Data entries:

=== Section Start ===

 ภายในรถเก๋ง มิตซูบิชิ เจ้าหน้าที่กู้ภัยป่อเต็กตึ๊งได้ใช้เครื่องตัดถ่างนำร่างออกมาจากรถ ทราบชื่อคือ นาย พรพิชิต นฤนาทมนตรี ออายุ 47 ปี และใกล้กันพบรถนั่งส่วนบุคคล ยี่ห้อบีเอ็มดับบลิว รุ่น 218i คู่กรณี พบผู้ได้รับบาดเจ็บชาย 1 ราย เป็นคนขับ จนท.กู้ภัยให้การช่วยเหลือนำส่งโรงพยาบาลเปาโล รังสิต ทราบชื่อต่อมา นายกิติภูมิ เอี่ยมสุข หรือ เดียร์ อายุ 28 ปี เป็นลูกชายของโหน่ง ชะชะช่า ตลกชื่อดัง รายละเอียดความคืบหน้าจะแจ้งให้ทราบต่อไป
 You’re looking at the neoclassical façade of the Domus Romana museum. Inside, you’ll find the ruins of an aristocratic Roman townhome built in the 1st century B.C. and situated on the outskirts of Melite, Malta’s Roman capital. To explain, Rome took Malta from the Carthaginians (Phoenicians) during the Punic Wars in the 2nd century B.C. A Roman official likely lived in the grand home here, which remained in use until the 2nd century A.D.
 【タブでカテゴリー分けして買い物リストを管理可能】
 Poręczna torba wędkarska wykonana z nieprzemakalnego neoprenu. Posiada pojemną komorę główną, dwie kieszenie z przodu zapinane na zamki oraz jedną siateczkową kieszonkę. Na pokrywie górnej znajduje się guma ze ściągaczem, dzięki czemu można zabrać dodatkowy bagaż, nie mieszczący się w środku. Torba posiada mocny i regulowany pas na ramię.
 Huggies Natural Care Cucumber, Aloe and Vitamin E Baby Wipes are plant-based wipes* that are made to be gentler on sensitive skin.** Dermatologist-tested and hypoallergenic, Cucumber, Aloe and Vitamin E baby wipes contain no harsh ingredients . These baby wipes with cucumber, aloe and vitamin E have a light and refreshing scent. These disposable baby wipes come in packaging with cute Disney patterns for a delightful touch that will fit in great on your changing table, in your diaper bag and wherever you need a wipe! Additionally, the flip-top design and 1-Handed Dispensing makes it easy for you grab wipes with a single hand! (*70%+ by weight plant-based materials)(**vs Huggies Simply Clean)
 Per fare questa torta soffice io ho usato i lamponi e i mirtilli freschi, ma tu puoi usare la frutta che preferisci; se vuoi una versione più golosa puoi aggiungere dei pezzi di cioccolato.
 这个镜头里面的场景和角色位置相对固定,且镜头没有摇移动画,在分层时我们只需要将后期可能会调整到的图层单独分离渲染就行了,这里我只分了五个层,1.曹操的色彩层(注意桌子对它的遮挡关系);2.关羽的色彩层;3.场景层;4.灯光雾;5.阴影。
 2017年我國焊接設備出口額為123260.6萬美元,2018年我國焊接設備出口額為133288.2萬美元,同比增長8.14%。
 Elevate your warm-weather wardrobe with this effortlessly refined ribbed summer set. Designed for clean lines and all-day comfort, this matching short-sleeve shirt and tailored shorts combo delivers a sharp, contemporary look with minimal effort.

=== Section End ===

== What the exercise asks ==
Every entry must be given again exactly as it reads.

== Exercise response ==
 ภายในรถเก๋ง มิตซูบิชิ เจ้าหน้าที่กู้ภัยป่อเต็กตึ๊งได้ใช้เครื่องตัดถ่างนำร่างออกมาจากรถ ทราบชื่อคือ นาย พรพิชิต นฤนาทมนตรี ออายุ 47 ปี และใกล้กันพบรถนั่งส่วนบุคคล ยี่ห้อบีเอ็มดับบลิว รุ่น 218i คู่กรณี พบผู้ได้รับบาดเจ็บชาย 1 ราย เป็นคนขับ จนท.กู้ภัยให้การช่วยเหลือนำส่งโรงพยาบาลเปาโล รังสิต ทราบชื่อต่อมา นายกิติภูมิ เอี่ยมสุข หรือ เดียร์ อายุ 28 ปี เป็นลูกชายของโหน่ง ชะชะช่า ตลกชื่อดัง รายละเอียดความคืบหน้าจะแจ้งให้ทราบต่อไป
 You’re looking at the neoclassical façade of the Domus Romana museum. Inside, you’ll find the ruins of an aristocratic Roman townhome built in the 1st century B.C. and situated on the outskirts of Melite, Malta’s Roman capital. To explain, Rome took Malta from the Carthaginians (Phoenicians) during the Punic Wars in the 2nd century B.C. A Roman official likely lived in the grand home here, which remained in use until the 2nd century A.D.
 【タブでカテゴリー分けして買い物リストを管理可能】
 Poręczna torba wędkarska wykonana z nieprzemakalnego neoprenu. Posiada pojemną komorę główną, dwie kieszenie z przodu zapinane na zamki oraz jedną siateczkową kieszonkę. Na pokrywie górnej znajduje się guma ze ściągaczem, dzięki czemu można zabrać dodatkowy bagaż, nie mieszczący się w środku. Torba posiada mocny i regulowany pas na ramię.
 Huggies Natural Care Cucumber, Aloe and Vitamin E Baby Wipes are plant-based wipes* that are made to be gentler on sensitive skin.** Dermatologist-tested and hypoallergenic, Cucumber, Aloe and Vitamin E baby wipes contain no harsh ingredients . These baby wipes with cucumber, aloe and vitamin E have a light and refreshing scent. These disposable baby wipes come in packaging with cute Disney patterns for a delightful touch that will fit in great on your changing table, in your diaper bag and wherever you need a wipe! Additionally, the flip-top design and 1-Handed Dispensing makes it easy for you grab wipes with a single hand! (*70%+ by weight plant-based materials)(**vs Huggies Simply Clean)
 Per fare questa torta soffice io ho usato i lamponi e i mirtilli freschi, ma tu puoi usare la frutta che preferisci; se vuoi una versione più golosa puoi aggiungere dei pezzi di cioccolato.
 这个镜头里面的场景和角色位置相对固定,且镜头没有摇移动画,在分层时我们只需要将后期可能会调整到的图层单独分离渲染就行了,这里我只分了五个层,1.曹操的色彩层(注意桌子对它的遮挡关系);2.关羽的色彩层;3.场景层;4.灯光雾;5.阴影。
 2017年我國焊接設備出口額為123260.6萬美元,2018年我國焊接設備出口額為133288.2萬美元,同比增長8.14%。
 Elevate your warm-weather wardrobe with this effortlessly refined ribbed summer set. Designed for clean lines and all-day comfort, this matching short-sleeve shirt and tailored shorts combo delivers a sharp, contemporary look with minimal effort.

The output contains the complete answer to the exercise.